Error 7/29/2012 12:44:17 AM MSSQLSERVER 9001 Server The log for database 'tempdb' is not available. Check the event log for related error messages. Resolve any errors and restart the database. Another error that clearly points toward the disks being a culprit is this:
Error 7/29/2012 12:44:15 AM MSSQLSERVER 823 Server The operating system returned error 21(The device is not ready.) to SQL Server during a read at offset 0x00000000196000 in file 'S:\MSSQL\Data\tempdb.mdf'. Additional messages in the SQL Server error log and system event log may provide more detail. This is a severe system-level error condition that threatens database integrity and must be corrected immediately. Complete a full database consistency check (DBCC CHECKDB). This error can be caused by many factors; for more information, see SQL Server Books Online. The next logical step of course would be to check why the disks became unavailable/inaccessible. I would strongly recommend having your disks checked for consistency, speed and stability by your vendor.
There is no exhaustive guide to finding the root cause for a Cluster Failover, mainly because it is an approach thing. I do, however, want to talk about a few cluster concepts here, which might help you understand the messages from the various logs better.
checkQueryProcessorAlive: Also known as the isAlive check in SQL Server, this executes “SELECT @@servername” against the SQL Server instance. It waits 60 seconds before running the query again, but checks every 5 seconds whether the service is alive by calling sqsrvresCheckServiceAlive. Both these values(60 seconds and 5 seconds) are configured “by default” and can be changed from the properties of the SQL Server resource in Failover Cluster Manager/Cluster Administrator.
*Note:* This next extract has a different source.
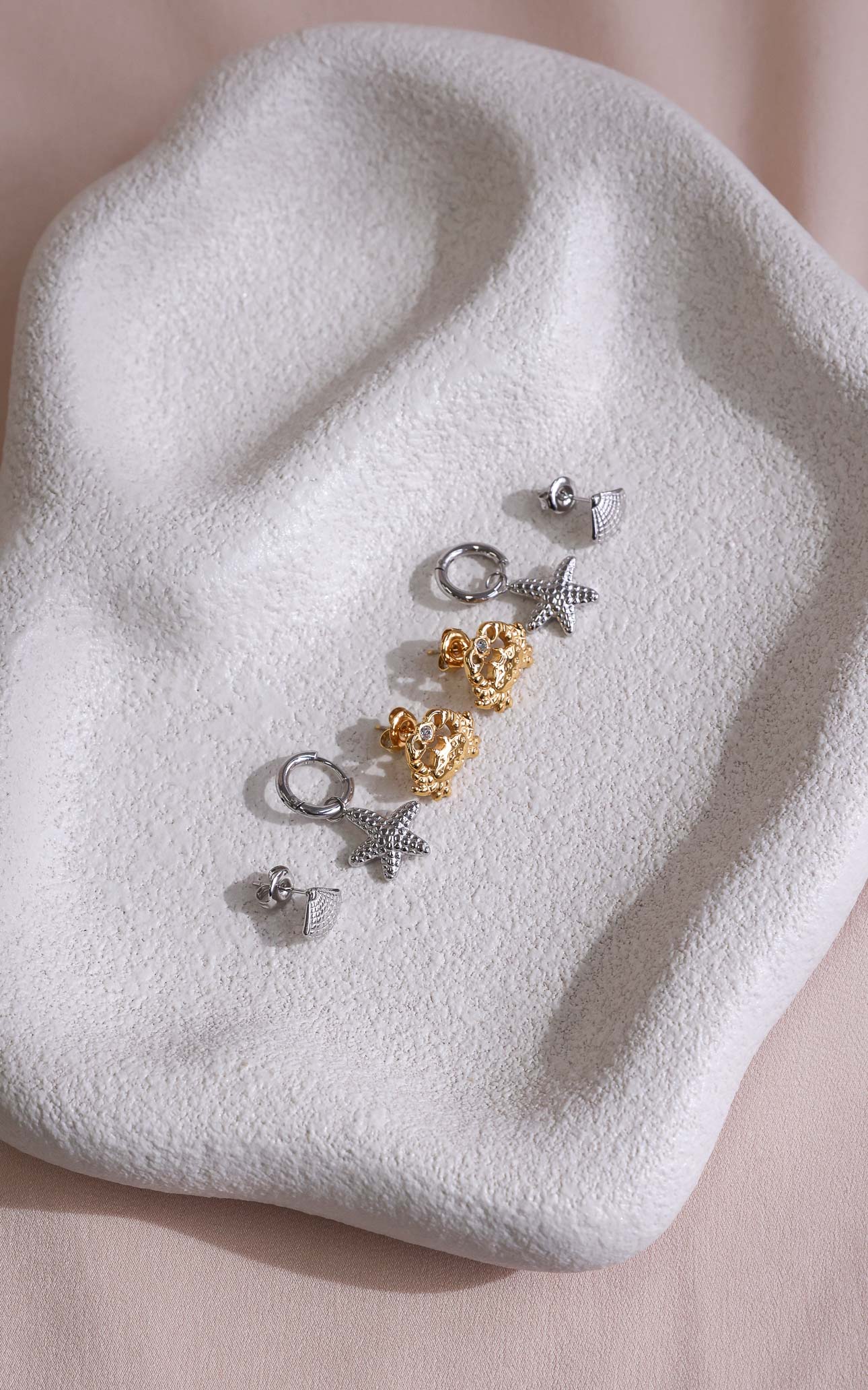 – Gold textured crab holding a diamante stud, silver textured seashell stud and silver textured starfish charm hoop design

I understand that for SQL 2012, we’ve included some more comprehensive checks like running sp_server_diagnostics as part of this check to ensure that SQL is in good health.
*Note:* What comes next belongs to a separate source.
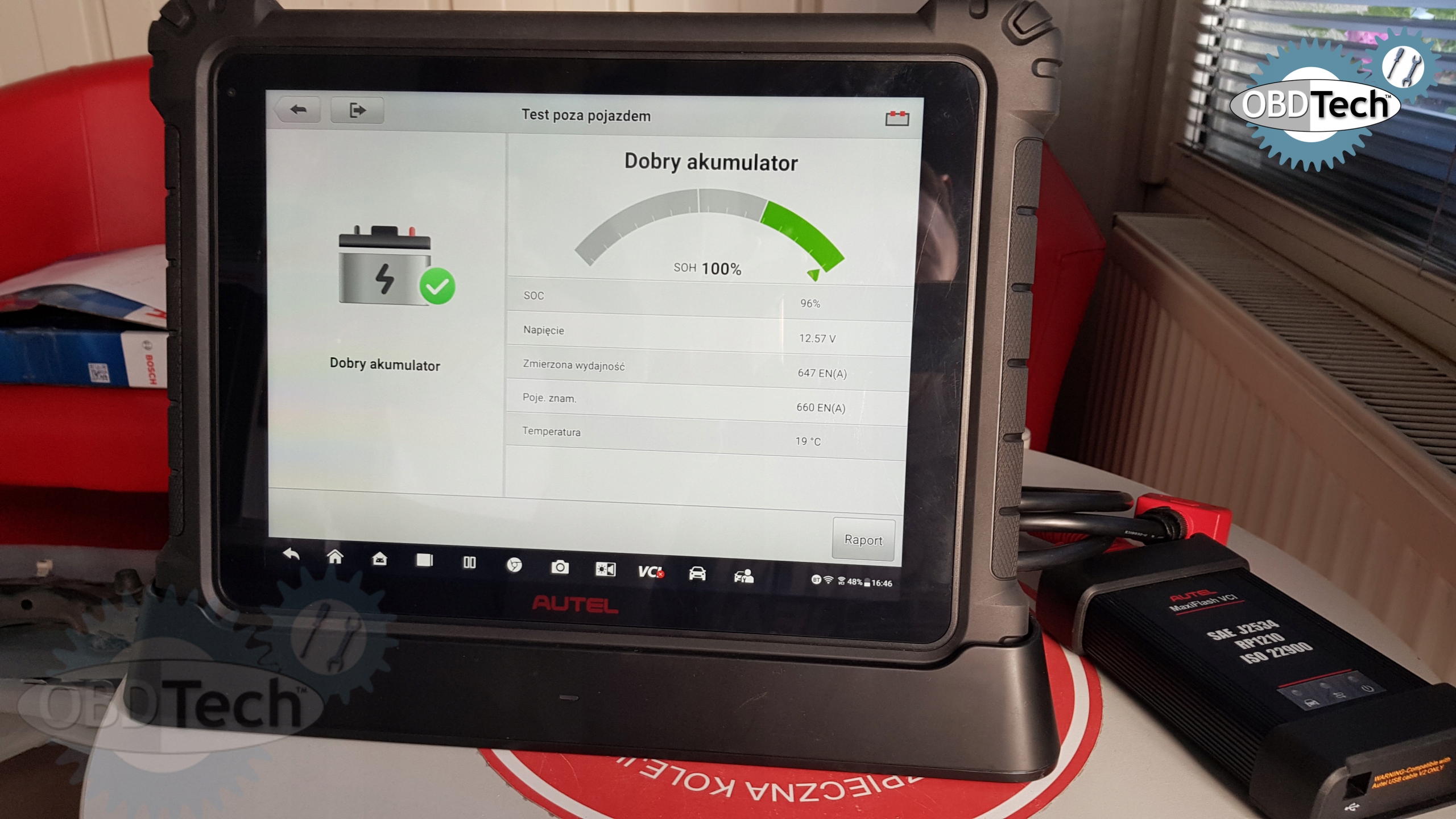 выполняет анализ батареи и зарядную систему, используя покупку дополнительного тестера Maxibas BT506

sqsrvresCheckServiceAlive: Also known as the looksAlive check in SQL Server, this checks to see if the status of the SQL Service and returns “Service is dead” if the status is not one of the following:
So if you see messages related to one of these checks failing in either the event logs or the cluster logs, you know that SQL Server was not exactly “available” at that time, which caused the failover. The next step, of course would be to investigate why SQL Server was not available at that time. It can be due to a resource bottleneck such as high CPU or memory consumption, SQL Server hung/stalled, etc.
The base idea here, as with any post-mortem analysis, is to construct a logical series of events leading up to the failover, based on the data. If we can do that, then we have at least a clear indication on what caused the failover, and more importantly, how to avoid such a situation in the future.
If you’re still unable to determine anything about the cause of the failover, I would strongly recommend contacting Microsoft CSS to review the data once and see if they’re able to spot anything.
Hope this helps. As always, comments, feedback and suggestions are welcome.